==== Source material ====

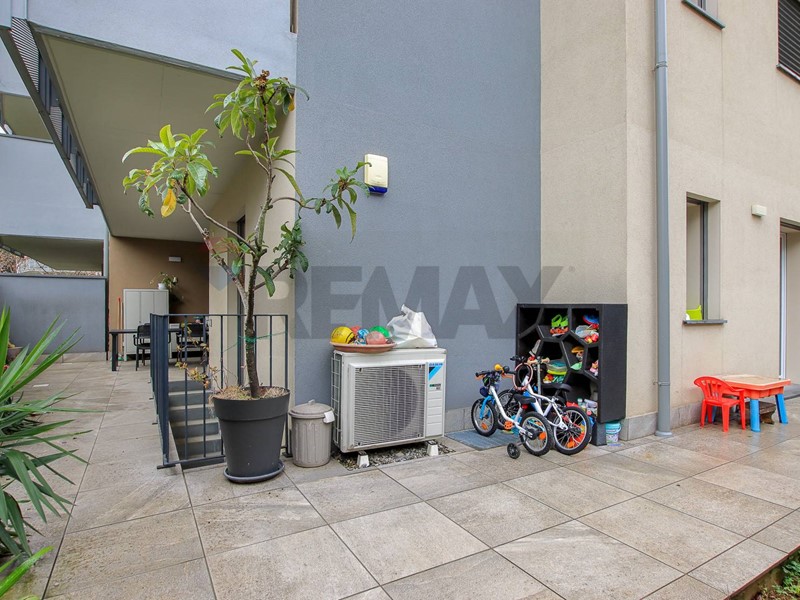 L'area esterna gira su due lati ed è di circa mq 70, di cui una parte piastrellata ed una prato.
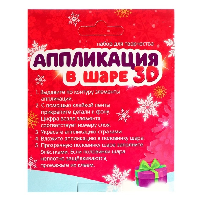 Оригинальный набор для создания 3D аппликации по-настоящему увлечёт и заинтересует ребёнка. Вас приятно удивит, с каким искренним желанием и увлечённостью ваше чадо будет создавать чудесную новогоднюю игрушку своими руками.
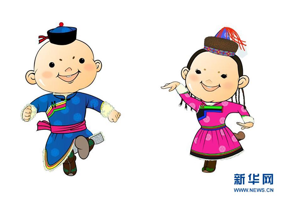 “十四冬”吉祥物——蒙古彩娃是以蒙古族儿童为创意原型,设计了一对俏皮可爱的蒙古族娃娃形象。蒙古彩娃有着内蒙古鲜明的地域特征,男娃蒙古语名为“安达”,汉语译为 “朋友”,女孩蒙古语名为“赛努”,汉语译为 “你好”,名字组成“朋友你好”,传递了内蒙古人民对全国人民的诚挚邀请,对八方客朋的亲切问候,对冬运会运动员赛出佳绩的美好祝愿,体现了和平和友谊的体育精神内涵,彰显了内蒙古人民热情好客、健康快乐的良好精神面貌。

====

(What to work on) Would you copy out every line of the data above exactly, minus the pictures?

(Written response)
 L'area esterna gira su due lati ed è di circa mq 70, di cui una parte piastrellata ed una prato.
 Оригинальный набор для создания 3D аппликации по-настоящему увлечёт и заинтересует ребёнка. Вас приятно удивит, с каким искренним желанием и увлечённостью ваше чадо будет создавать чудесную новогоднюю игрушку своими руками.
 “十四冬”吉祥物——蒙古彩娃是以蒙古族儿童为创意原型,设计了一对俏皮可爱的蒙古族娃娃形象。蒙古彩娃有着内蒙古鲜明的地域特征,男娃蒙古语名为“安达”,汉语译为 “朋友”,女孩蒙古语名为“赛努”,汉语译为 “你好”,名字组成“朋友你好”,传递了内蒙古人民对全国人民的诚挚邀请,对八方客朋的亲切问候,对冬运会运动员赛出佳绩的美好祝愿,体现了和平和友谊的体育精神内涵,彰显了内蒙古人民热情好客、健康快乐的良好精神面貌。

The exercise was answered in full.